Typically, a merchant who accepts credit cards pays two to four percent of each transaction to the credit card processor and then absorbs those fees.  But when a fee is nearly half the subscription price, obviously a vendor such as 2600 can't eat that amount, so they pass it on.

Looked at from one point of view, I paid nearly $39 in fees for that $27 subscription - 140 percent!  Normally I would consider myself an idiot for being taken like that.  But this is scientific research, and the costs were part of the experiment.  Looked at from another point of view, the $40 cash I put into the Bitcoin ATM became, a few months later, a $27 subscription and about $15 worth of Bitcoin, so I actually made $2 in profit - but only thanks to the outrageous rise in the Bitcoin price.

Despite the warnings, the transaction cleared in under an hour, and I soon had a nice email from 2600 indicating my new subscription had started.

But the absurdly high fees charged for every Bitcoin transaction became a deal breaker for me.  I was done.  After hitting a peak of $19,000, Bitcoin had been almost continually falling and I wanted out.  I returned to my exchange account and placed a sell order, which went through promptly.  I set up a wire transfer back to my bank (another $5 fee from the exchange, zero fee from my bank).  Six days and several emails to the exchange later, the funds finally appeared back in my bank account.  Success, and end of experiment!

Conclusions

Maybe I made some ignorant errors along the way.  Maybe I didn't do enough research, locate the most efficient services, or the best methods of exchange.  I've since learned that transaction fees can vary greatly due to network demand, which had been very high during the time of my experiment.  Like a tourist with an unfamiliar currency, I may have grossly overpaid and not understood the local customs.

In summary, I got lucky.  I achieved all the goals of the original plan and I learned a lot.  I put a total of $5,045.00 into the experiment.  With all the buying, selling, and wallet transfers, I paid about $90 in fees.  At the end of the project I had:

None of the promises of Bitcoin turned out to be true in any way.

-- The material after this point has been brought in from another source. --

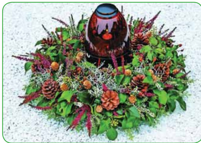
Venček s svečo je najpogostejša oblika za grob; okrogla oblika simbolizira večnost, neskončnost - prehajanje iz enega v drugo življenje

Vse bolj so priljubljeni suho sveži aranžmaji. Ostanajo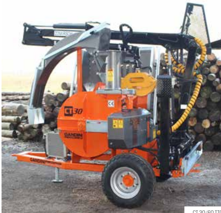
CT 30/60 TT6

Bitcoin is not anonymous, not instantaneous, and not low cost.  The outrageously variable transaction fees and lack of wide adoption make it a poor medium of exchange.  Its outrageous volatility makes it a poor medium of investment.  And, compared to racehorses or sports teams, its unpredictable behavior makes it a poor medium for even gambling!

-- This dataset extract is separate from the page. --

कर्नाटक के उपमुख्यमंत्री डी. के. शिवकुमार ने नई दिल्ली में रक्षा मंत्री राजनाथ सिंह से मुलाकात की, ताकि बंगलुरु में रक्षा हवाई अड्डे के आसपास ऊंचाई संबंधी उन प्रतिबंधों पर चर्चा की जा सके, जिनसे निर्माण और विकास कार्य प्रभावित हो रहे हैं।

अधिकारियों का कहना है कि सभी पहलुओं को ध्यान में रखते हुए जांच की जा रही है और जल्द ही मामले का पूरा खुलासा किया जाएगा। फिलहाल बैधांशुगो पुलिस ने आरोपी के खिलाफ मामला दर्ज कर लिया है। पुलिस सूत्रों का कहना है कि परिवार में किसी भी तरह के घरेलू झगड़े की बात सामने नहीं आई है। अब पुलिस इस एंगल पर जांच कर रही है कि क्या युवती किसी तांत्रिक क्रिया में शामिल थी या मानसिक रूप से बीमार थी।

Bitcoin's price has continued to fall, dropping below $9,000 just before I handed this story to the publisher.  So where is it now?  By the time you read this, Bitcoin may have crashed-and-burned, as many have predicted.  Or it may still be crawling along, luring the curious and uninformed to put their money into its edacious system.

But as hackers know, success comes with persistence and the willingness to revise one's plans in service of achieving the greater vision.  The fundamental concepts behind Bitcoin seem useful and necessary, and the blockchain technology offers great promise.  It remains to be seen how to best implement it all.

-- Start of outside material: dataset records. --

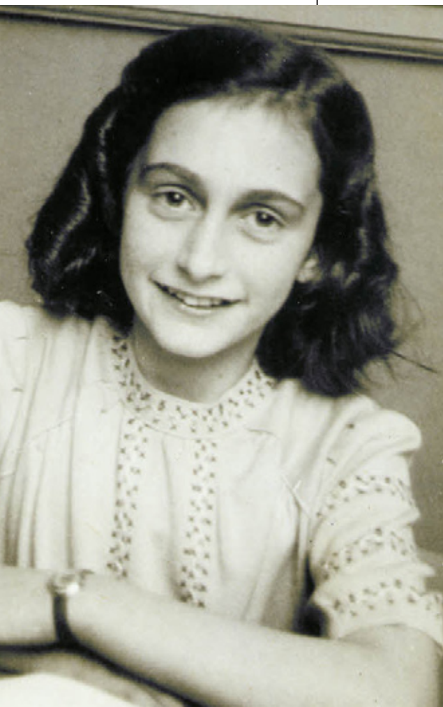
Anne Frank (1941)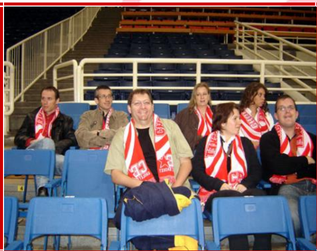
7 fidèles supporters dont 3 partenaires du club présents au match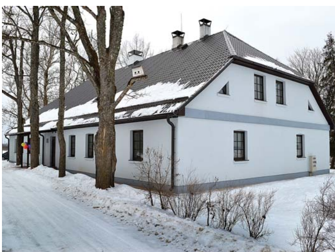
Vārmes sociālā māja „Dūru skola” pēc atjaunošanas.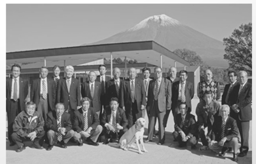
広大なスペースをもった近代的な施設です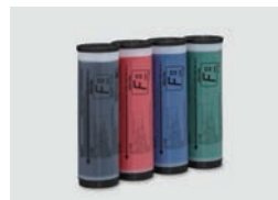
ENCRE RISO Couleur Type FIL (1000ml)

Maybe Bitcoin will morph into a more capable version of itself.  Perhaps it will be replaced by one of the many alternate cryptocurrencies, or one yet to be created, which will find the right combination of anonymity, security, low-cost, ease of use, consistency and efficiency.  Clearly someone needs to come up with an easy, all-in-one solution that serves the needs of the masses, and lets cryptocurrency become omnipresent, much in the way that America Online's ease of use helped email soar in popularity in the 1990s.

Perhaps a successful "AOL of Crypto" service will come from a reader of these pages.  Either way, I'll be watching and ready to experiment again when it happens.